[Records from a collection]
....................
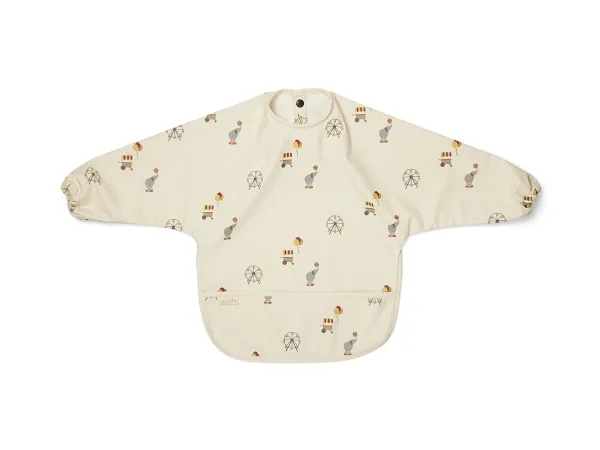 SPISEFORKLÆDE MED LANGE ÆRMER Luna spiseforklæde er et must have til småfolk, der er ved at lære at spise selv. Spiseforklædet sørger for at holde barnet ren og tør under hele måltidet. Den genanvendelige polyester gør spiseforklædet nem at rengøre med en klud, så den er klar til næste måltid.
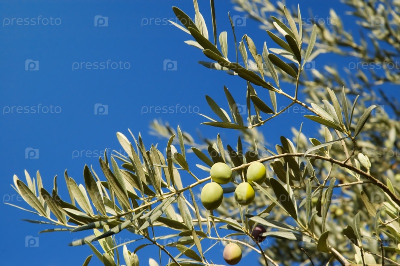 Зеленые оливки на ветвях дерева
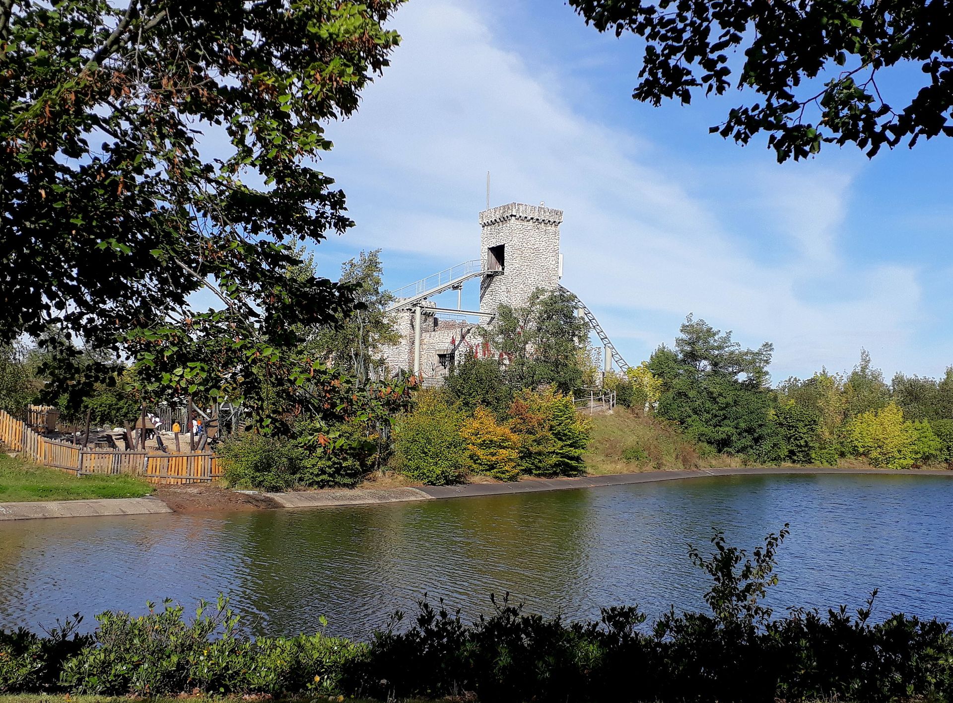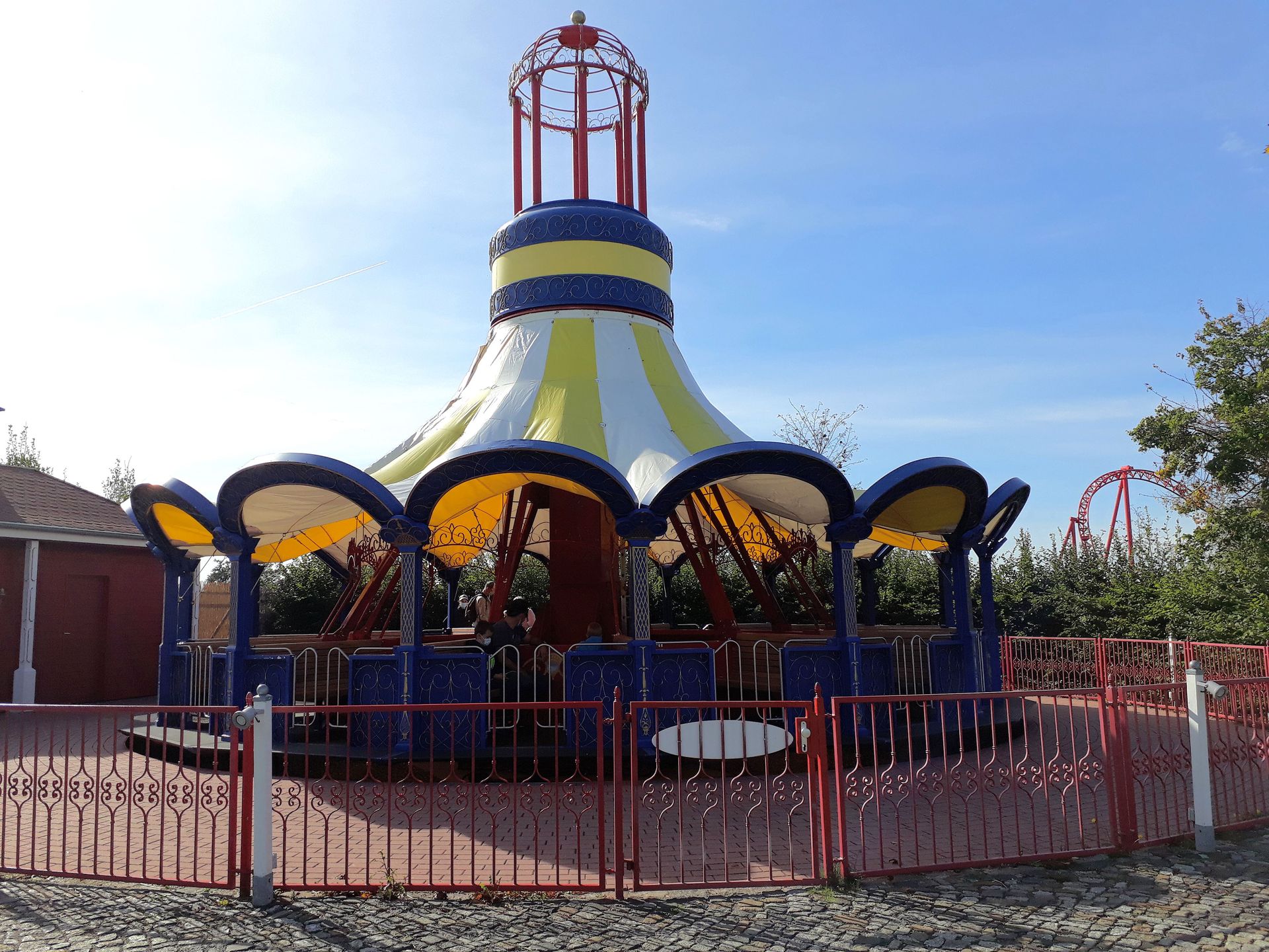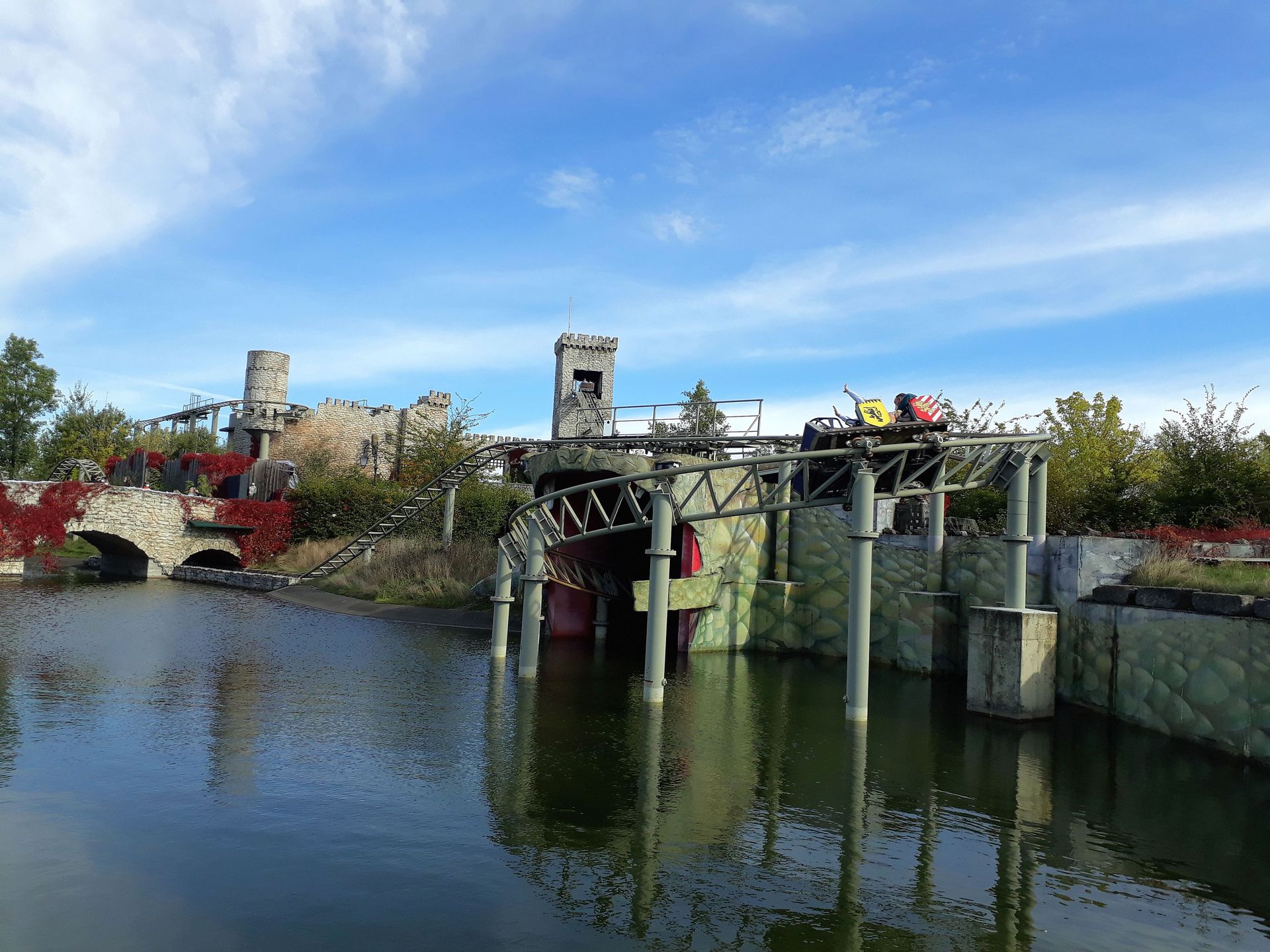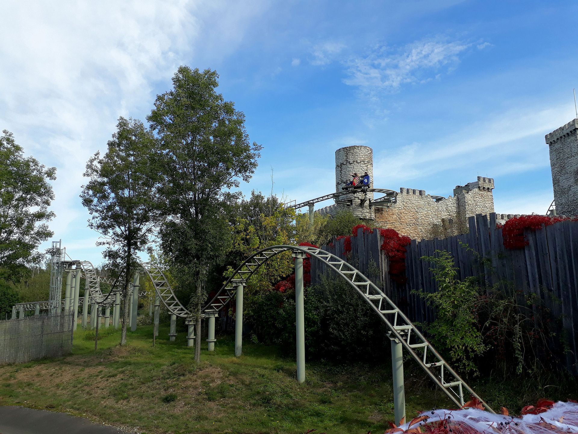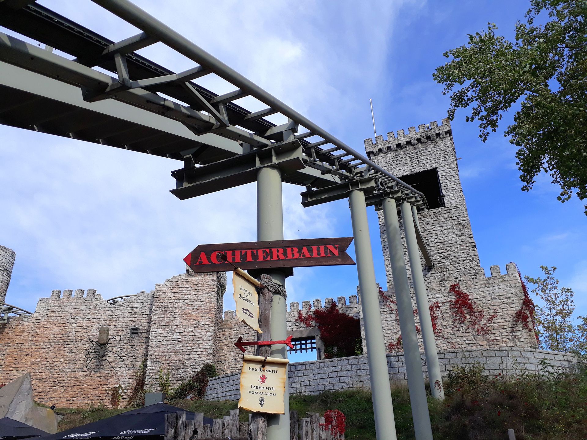 Vekoma gehandelt, das wohl auch ganz gut sein soll. Da das zugehörige Hinweisschild direkt unten den Weg verstellte, sind wir auch nicht rauf zur Burg gegangen. Keine Ahnung, ob man das trotzdem gedurft hätte.
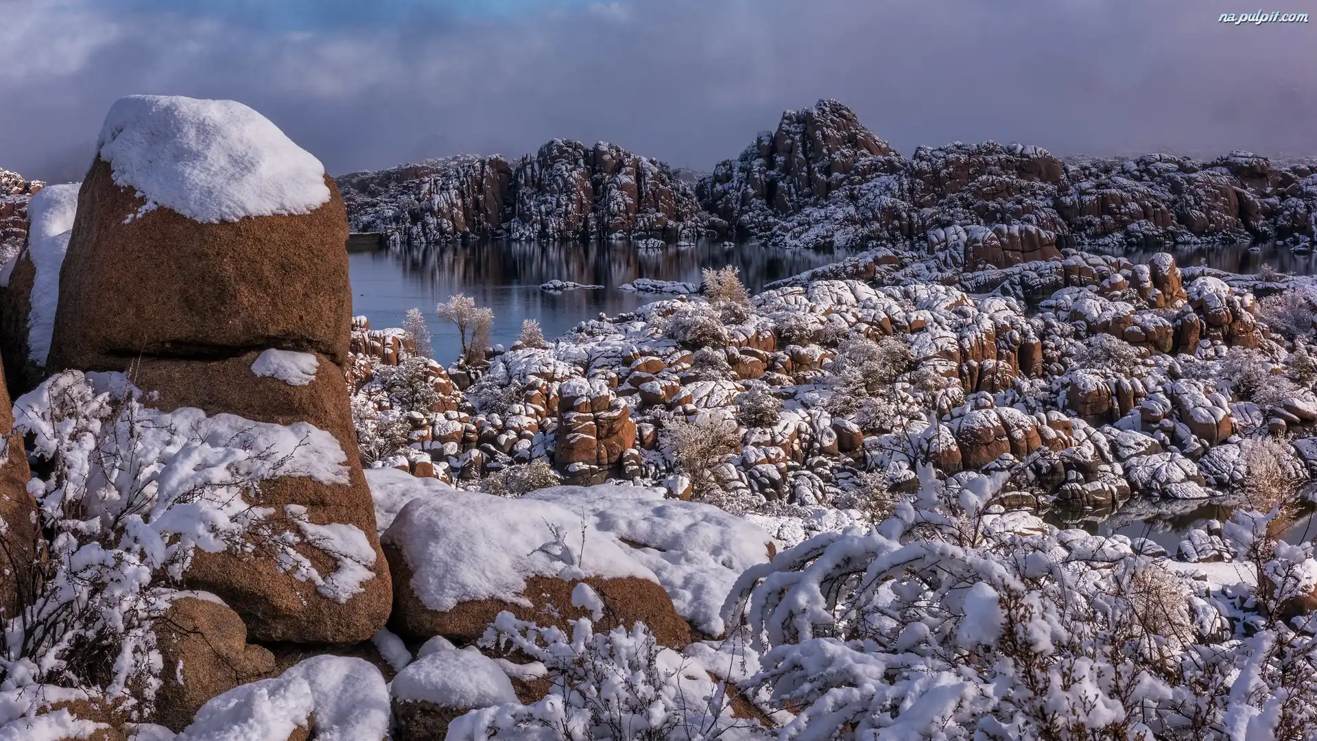 Śnieg, Jezioro, Skały, Zima Na Pulpit
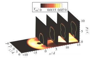 | 图 14 多截面OH分布云图 Fig.14 Image of OH mass fraction on normal and spanwise planes |
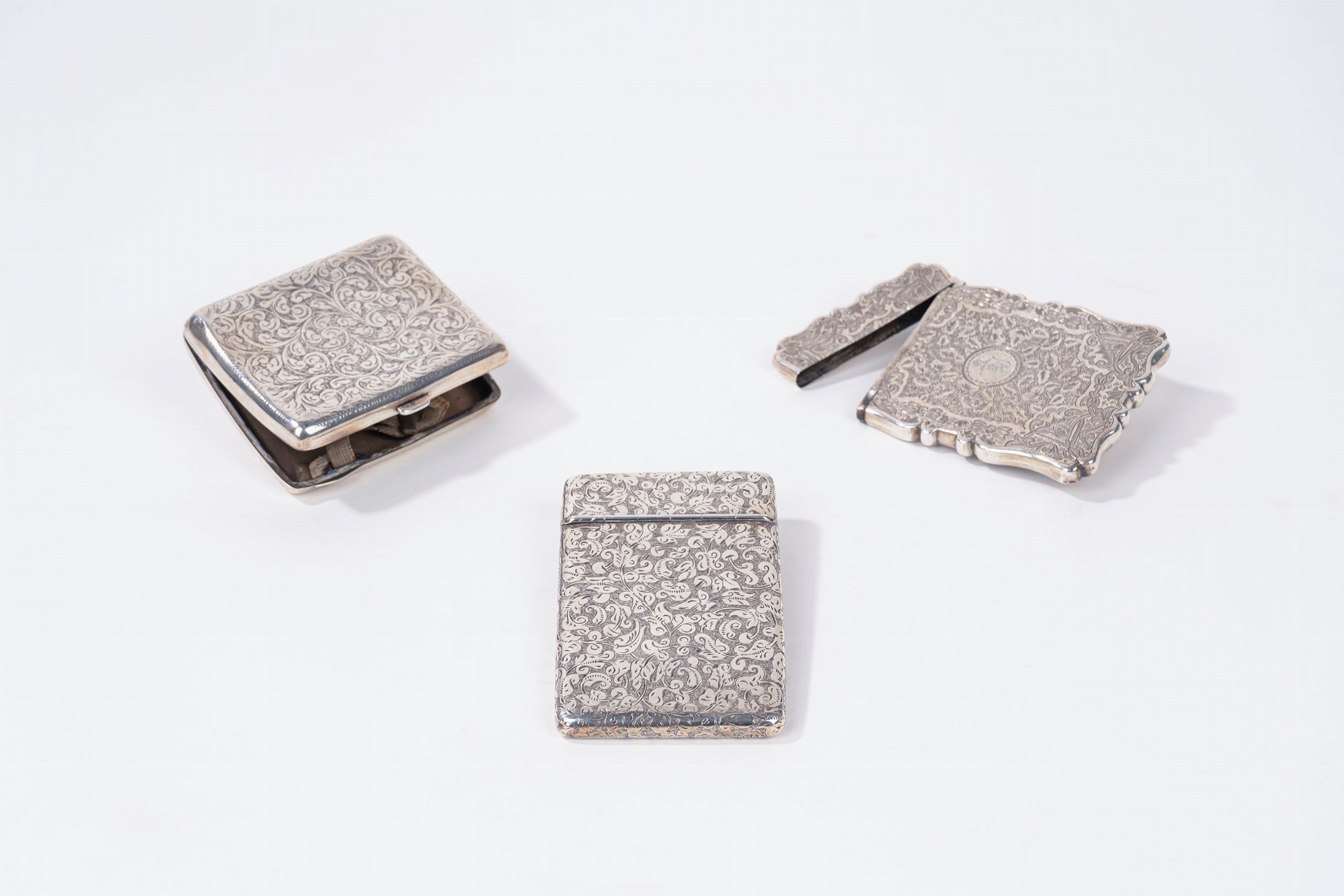Inghilterra, secolo XIX/XX incisi con decori floreali, il porta biglietti Londra 1901 e Birmingham 1871, il porta sigarette Birmingham 1903.
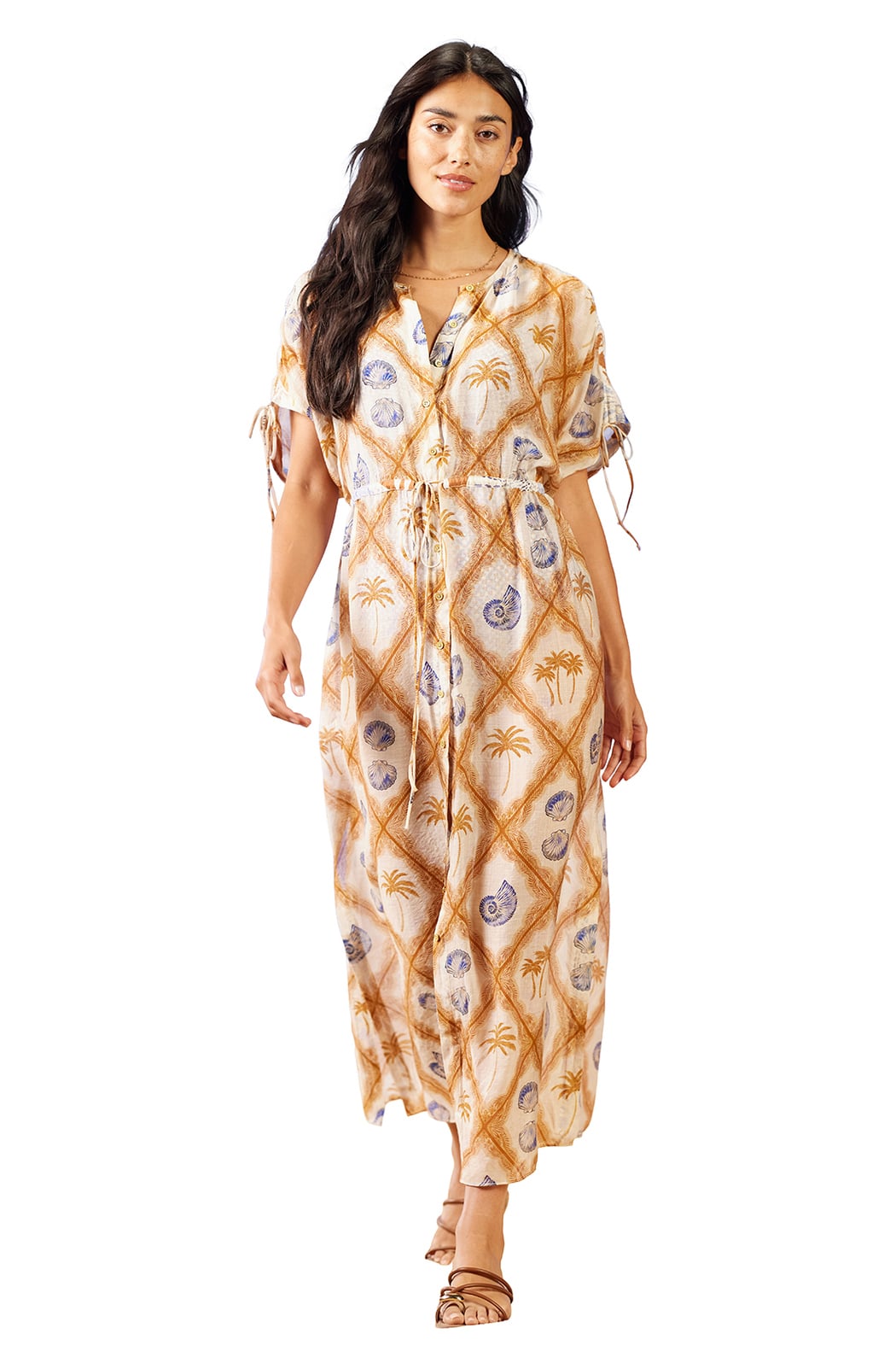 A breezy beach cover-up cut in a flowing maxi silhouette, the Flowy Wear 4-Ways Cover Up Dress can be styled multiple ways for sun and sand. This lightweight dress features short sleeves, a tie waist and an easy button front with an all-over tropical print. It pairs perfectly with sandals for casual vacation days and is offered by XIX PALMS as an effortless resort piece.
....................
■ **WHAT TO WORK ON**: Go through the data above and print exactly the lines from its first line through the line holding "Inghilterra, secolo XIX/XX", both included, leaving pictures aside.

■ **RESULT FOR THIS EXERCISE**:
 SPISEFORKLÆDE MED LANGE ÆRMER Luna spiseforklæde er et must have til småfolk, der er ved at lære at spise selv. Spiseforklædet sørger for at holde barnet ren og tør under hele måltidet. Den genanvendelige polyester gør spiseforklædet nem at rengøre med en klud, så den er klar til næste måltid.
 Зеленые оливки на ветвях дерева
 Vekoma gehandelt, das wohl auch ganz gut sein soll. Da das zugehörige Hinweisschild direkt unten den Weg verstellte, sind wir auch nicht rauf zur Burg gegangen. Keine Ahnung, ob man das trotzdem gedurft hätte.
 Śnieg, Jezioro, Skały, Zima Na Pulpit
 | 图 14 多截面OH分布云图 Fig.14 Image of OH mass fraction on normal and spanwise planes |
Inghilterra, secolo XIX/XX incisi con decori floreali, il porta biglietti Londra 1901 e Birmingham 1871, il porta sigarette Birmingham 1903.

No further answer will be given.